OpenAI files confidential S-1, leaves IPO option open
OpenAI filed a confidential S-1 with the SEC and said it expects the filing to leak, keeping open the option to go public while it considers remaining private.
OpenAI submitted a confidential S-1 registration statement to the U.S. Securities and Exchange Commission and announced the filing on X on June 8. The company said it expects the confidential filing to leak and that it has not set a timeline for a possible initial public offering.
The OpenAI Newsroom account posted: “We recently submitted a confidential S-1. We expect it to leak so we’re just announcing it. We have not decided on timing yet; it may be a while because there are things we want to do that are likely easier as a private company.

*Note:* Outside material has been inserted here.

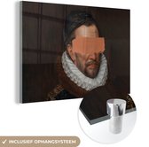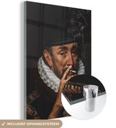 MuchoWow® Peinture sur verre 180x120 cm - Peinture sur verre - Willem van Oranje - Adriaen Thomasz - Fumer - Photo sur verre acrylique - Peintures

But it’s a complicated set of tradeoffs and this gives us the option to go public sooner if that ends up being best.”
OpenAI did not disclose the size or structure of any offering. The company closed a funding round in March that valued it at about $852 billion. OpenAI has worked with Goldman Sachs and Morgan Stanley on a draft of the confidential S-1.
A confidential S-1 allows a company to submit draft registration documents to the SEC for review without making those documents public during the review. Companies use confidential filings to obtain regulatory feedback and keep strategic details private while they decide whether and when to list. If a company proceeds with an IPO, the S-1 is amended and becomes publicly available before shares begin trading.
Other large private technology companies have also moved toward public filings. Anthropic filed a confidential S-1 about a week earlier and recently completed a $65 billion fundraising round that valued it at about $965 billion. SpaceX is targeting a June 12 Nasdaq listing and has drawn demand near $150 billion, above an initial $75 billion target, with its order book scheduled to close this week.
OpenAI reiterated that the timing of any public offering remains undecided and that it may remain private for some time while it pursues plans it says are easier to carry out outside public markets.